Por otro lado, estaban los alumnos de la Asunción que fueron mis compañeros de una adolescencia agridulce para casi todos. Despertamos en un espacio lleno de pasiones; nuestro primer beso, los desengaños, el fracaso, el éxito, las verbenas, los viajes sin nuestros padres y el llanto por los amigos que perdimos. La muerte en un accidente de tráfico de Juan Carlos Soler Leguey paró su tiempo y aceleró el nuestro. Fue mi primera lección de la tragedia de la vida. Los jóvenes, también, mueren.

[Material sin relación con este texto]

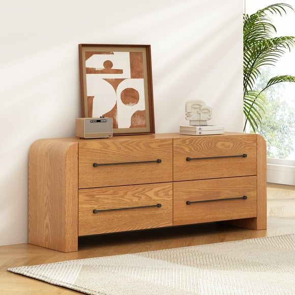 Castle Place Mid-Century 4-Drawer Wooden Dresser, Antique Oak $144.30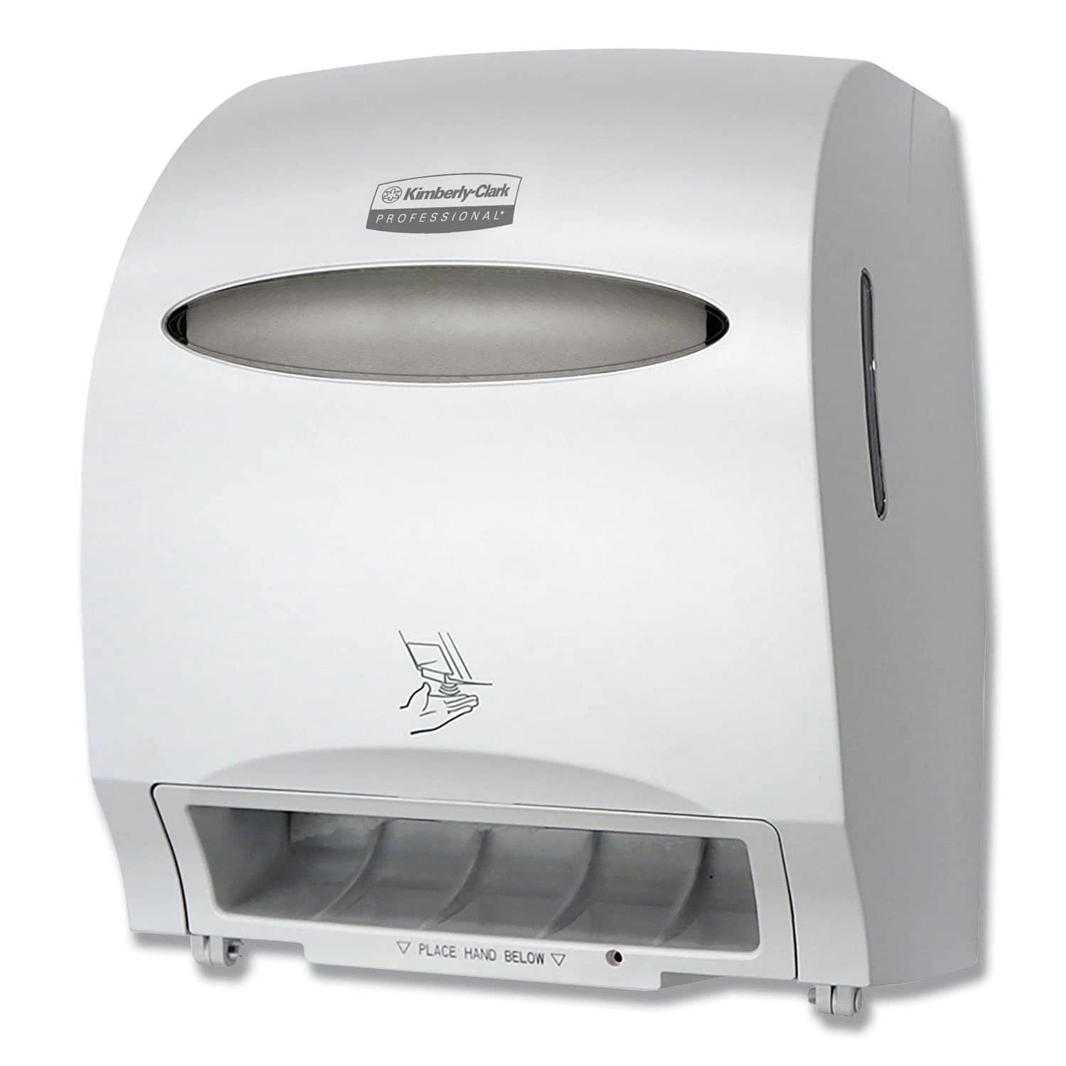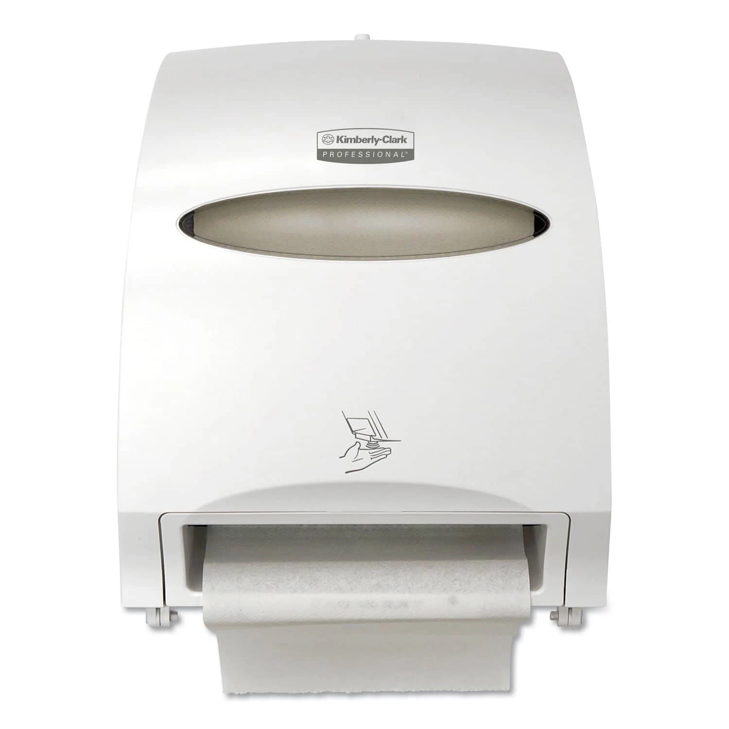 Reduce the hassle of restroom maintenance with the high-capacity Kimberly-Clark Professional Automatic Towel Dispenser. This touchless, wall mount roll towel dispenser needs infrequent refilling and provides consistent, reliable performance. Your washroom guests will enjoy the benefits of hygienic, touch free dispensing – they’ll only touch the towel they’re using. This high capacity towel dispenser is made of high impact smoke colored plastic. The unit dispenses a nominal 11″ of towel when activated by placing hand under the unit. A second sheet will dispense at 10% reduced length when activated within a few seconds. Features include a quiet dispensing system, quick load capability and choice of key-activated spring lock or push button operation. Towels Dispensers Type: Hardwound Roll Towel Dispenser; Material(s): Plastic; Capacity (text): 950 ft Roll; Color(s): White.

Los festivales del instituto nos sorprendían por las habilidades que algunos estudiantes mostraban. Había entre nosotros músicos, actores, deportistas, cómicos y buenas bailarinas. No sé cuántos de ellos continúan pisando los escenarios. A otros les gustaba demasiado el alcohol. Supongo que el abuso que se hacía en las verbenas era el que se realiza, ahora, en los botellones. También, tuvimos a las drogas de compañeras. Algunos alumnos, mejores o peores, apagaron sus oportunidades cuando quedaron atrapados en su adicción. La mayoría de los estudiantes superaron el COU y dejaron el instituto para emprender una carrera universitaria. Recuerdo la selectividad, pienso que, también, fuimos los primeros en estrenarla. Las pruebas no fueron difíciles. Al final, aprobamos, ya que el porcentaje de suspensos fue muy bajo. Salimos, después de los tres cursos de bachillerato y el C.O.U., del Instituto de la Asunción sin pensar en lo que dejábamos en ese edificio.

En mi instituto me enamoré de un muchacho con flequillo y pelo largo, que tocaba la guitarra, le gustaban las ciencias y mi rostro de adolescente. Me casé con ese alumno de la Asunción. En el aula, también, aprendí el compromiso de la fidelidad y en su interior, aún, sigue el bullicio de unos jóvenes que comienzan a brotar en los campos donde recogen su propia cosecha de identidades y valores. Cualquier ciudad se desarrolla, gracias al trabajo de los buenos sembradores y a ellos les dedico esta mirada sincera de mis recuerdos.

Rosmari Alonso Vázquez. Periodista.

HERNÁNDEZ, Mari Paz y ORS, Miguel, eds. (2013), Instituto de La Asunción: 50 años, 50 miradas, págs. 135-139.